If the agent crashes, the parent spawns a recovery agent with:

  • The checkpoint file as context
  • Instructions to resume from current_step
  • A note that completed_steps should not be redone

This works because each step produces observable artifacts (modified files, test results, logs). The recovery agent can verify what's done and pick up where the crash happened.

Hard failure rules:

  • If an agent fails the same step 3 times, escalate to the parent for replanning.
  • If the parent can't replan, write a failure report and halt. Don't let agents flail for hours.
  • Set a global timeout. If the entire task isn't done in 6 hours, something is wrong with the plan.

Real Numbers: Cost and Time Tradeoffs

Here's what a 4-hour migration actually costs using Claude Code via API (you can't use the subscription plan for autonomous agents).

Single agent approach:

  • Input tokens: ~800,000 (context keeps growing)
  • Output tokens: ~150,000
  • Cost at Sonnet 4.5 pricing: ~$2.40 input + $15.00 output = $17.40
  • Wall time: 4 hours
  • Context rot incidents: 5-7 (agent rewrites same code, forgets constraints)

Subagent approach (1 parent + 6 children):

  • Input tokens: ~200,000 (scoped contexts, no bloat)
  • Output tokens: ~180,000 (more structured outputs)
  • Cost: ~$0.60 input + $18.00 output = $18.60
  • Wall time: 2.5 hours (parallel execution)
  • Context rot incidents: 0-1 (each agent dies before drift)

The subagent approach costs 7% more but finishes 38% faster and produces cleaner diffs. The tradeoff is setup time: you spend 30 minutes writing the parent orchestration logic.

For a one-off refactor under 2 hours, single agent wins. For recurring migrations or multi-day projects, subagents pay off.

What Still Breaks

Subagents aren't magic. Here's what still fails:

Circular dependencies between tasks. If agent A needs agent B's output, and agent B needs agent A's output, the parent deadlocks. You have to detect cycles in the task graph before spawning.

Merge conflicts. Two parallel agents modifying the same file will create conflicts. The parent needs to sequence tasks that touch shared files or use a locking mechanism.

Drift in coding style. Each subagent interprets style guides slightly differently. You get inconsistent naming, different error handling patterns. Running a linter/formatter after each agent helps but doesn't eliminate it.

Over-subdivision. Spawning 50 agents for a task that could be 5 creates coordination overhead that outweighs the benefits. If a task takes less than 15 minutes, it doesn't need its own agent.
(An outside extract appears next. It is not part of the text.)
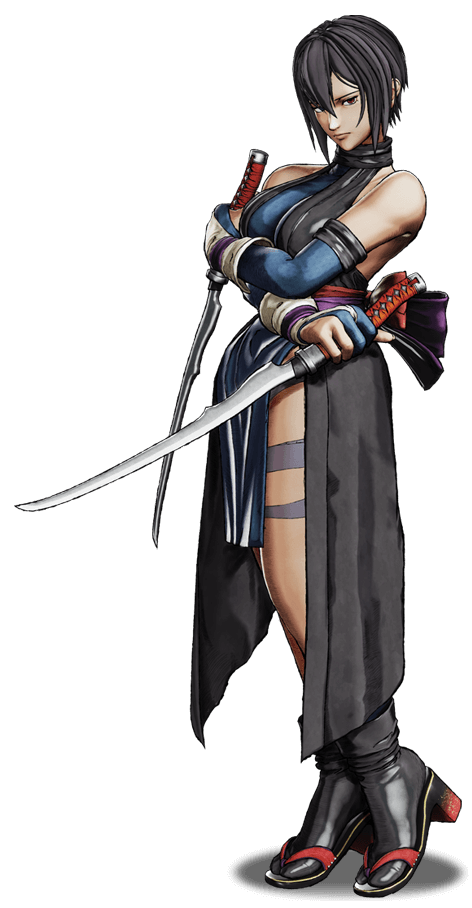She is a woman who was tailored to be Yuga's servant before her birth. Her identity and memory become fractured when she was brainwashed by Yuga in her adulthood. He engraves an enchanted snake tattoo on her back as a means to control her. She is told to find a man fit to become the perfect body for the Dark Lord's resurrection. Finding Haohmaru to be that man, she follows him for a chance to take him away to her master.[2] Her soul becomes freed after Haohmaru defeats Yuga.

API rate limits. Anthropic has usage tiers. If you spawn 10 agents concurrently, you might hit rate limits faster than you expect. Stagger spawns or use a queue.

Conclusion

Subagents are a tool for managing complexity, not a silver bullet. Use them when tasks naturally decompose into independent units, when you need parallel execution, or when a single context window can't hold the entire problem.

The patterns that work: scoped context manifests, checkpoint-based recovery, structured output files, and a parent agent that coordinates but doesn't micromanage.

The patterns that fail: dumping full project context into every agent, spawning agents for 5-minute tasks, ignoring failure recovery, and hoping agents will magically coordinate.

Start with a single agent. When you hit context rot or 2+ hour runtimes, split into subagents. Measure token usage and wall time. Iterate.

Autonomous work is possible. It just requires better architecture than "run Claude and pray."